The penalties for making a false statement or omission to furnish material information has been proposed to be increased from INR 1 crore to INR 5 crore. Thus, it is important that companies take as much precaution as possible during disclosure.

There is not much literature to suggest what constitutes ‘false disclosure’. However, certain lapses in disclosure may prima facie be considered as materially false. These may be as follows:

  • Agreements that demand disclosure of any litigation that either party may be involved in – any failure to disclose this would be a material breach.
  • Disclosure of any thresholds, as discussed and negotiated by the parties (for example, contracts & deals over USD 500,000). Thresholds are made to ease the burden of disclosures and any failure to adhere to it may result in dispute/litigation.
  • Disclosure about capitals is incomplete. These include stocks, warrants, other financial instruments.
  • Non-disclosure about subsidiaries owned by the company or the percentage owned in the subsidiary. Incorporation details of the company or the subsidiary are skewed.
  • The schedule of leases for the company does not contain all required information such as date of lease, title of the lease, location, landlord, security deposit, rent and other payments, etc.
  • The disclosure is missing key information on employee benefits, such as medical, life insurance stock options, etc.
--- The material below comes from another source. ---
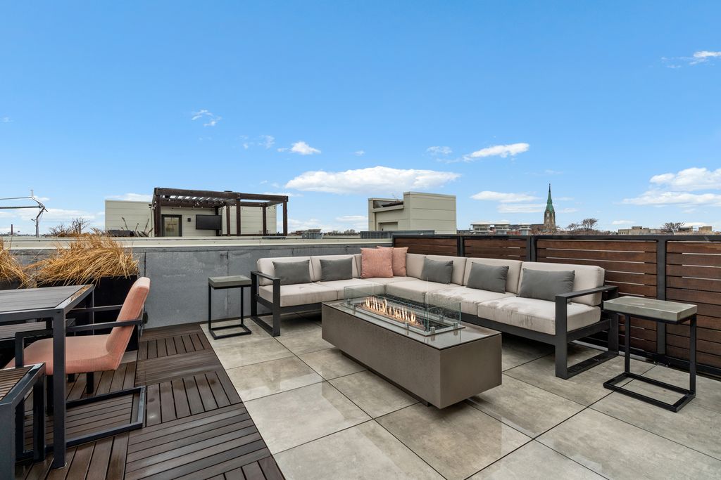 Sleek, stylish and extra wide 4 bedroom, 4.1 bath Lincoln Park row home with a 2 car attached heated garage and 4 outdoor spaces including a custom roof deck terrace with high-end finishes, landscaping, and stunning skyline views - all in one of the city's best locations. Attention to detail exudes throughout this LG Development home. You enter the home through a private gated entrance that opens into your front yard/patio space and leads into the home foyer. On this level is a large multipurpose space/mudroom with ample storage, closet space, and a full bath - flexible as either a workout room or home office. The main living area on the second floor is an open light filled space with high ceilings, rich hardwood flooring, and lovely custom walnut cabinetry and accent walls. This floor is anchored by a beautiful kitchen space, with an expansive white statuary marble waterfall island, SubZero, Wolf, and Mielie appliances, ample built-in cabinet and storage space as well as a custom-built banquette/breakfast nook. This level also features a living room w/fireplace and dining room perfect for seamless entertaining. A half bath and a patio perfect for morning coffee or grilling complete this space. On the third level is the primary suite, a quiet and peaceful oasis featuring two separate walk-in closets and a spa-like bathroom with heated floors, soaking tub, a large walk-in steam shower with bench, and water closet. A second bedroom on this level comes with an en-suite bath perfect for child or guests. The top level of the home comes with 2 additional bedrooms, another full bath as well as a walk-in laundry room with side-by-side washer/dryer and storage. The top floor also features a family/media room with custom built-ins and a wet bar that opens directly to fabulous outdoor living space-perfect for seamless indoor-outdoor gatherings. This incredible home is capped off with a newly updated private roof deck space with spectacular city views. This enormous outdoor space boasts Italian porcelain pavers, Ipe wood accent floors, fire table, drip irrigation for landscaping, and a built-in grill, refrigerator, and countertop perfect for entertaining and relaxing. The attached, spacious, heated garage has epoxy floors and is located in the building's gated courtyard with an entrance on Lakewood, also has extra space perfect for storage. Located in one of Lincoln Park's best pockets, you'll have easy access to public transportation, bars and restaurants, grocery stores and shopping. This row home lives like a single family home and offers the best in City Living.

Disclosure is missing employment agreements and key information on salaries and bonus.
  • The tax disclosure schedule is incomplete, such as failing to disclose all income tax jurisdictions the company is subject to, any pending or past tax audits, any felonious tax returns, or any unpaid tax liability.
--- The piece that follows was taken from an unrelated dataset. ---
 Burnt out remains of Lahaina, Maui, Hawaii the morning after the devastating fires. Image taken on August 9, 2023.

Indian company obligations before CCI


In general, Indian companies can fulfill obligations towards the CCI by:

  • Meeting disclosure requirements and erring on the side of caution when in doubt about certain disclosures.
  • Seek timely guidance from the CCI in case of any doubts. CCI is generally approachable when looking into potential transactions.
  • Disclose to the CCI, at any stage (during or post CCI approval), any material development or information, which may influence their decision with respect to the proposed transaction. This may include mistakes or inadvertent omissions.
  • All documents and information must seek to explain and enumerate on the ‘purpose’ and ‘description’ of the transaction and include relevant rights, restrictions and obligations.


Conclusion


The changes in the Competition Bill are proposed to align India with international competition law regimes. The ability to hold digital players and MNCs, in particular, is welcome. However, as the concerns highlight, India’s economy is at a stage that requires influx of investment from global market players, and the keen eye of the CCI may put some of them off. Clarity is also sought on key definitions such as ‘substantial business operations in India’, without which the amendments remain nebulous. Nevertheless, the amendments are only a proposition and need to clear the scrutinization of the Parliament in the winter session before turning into law.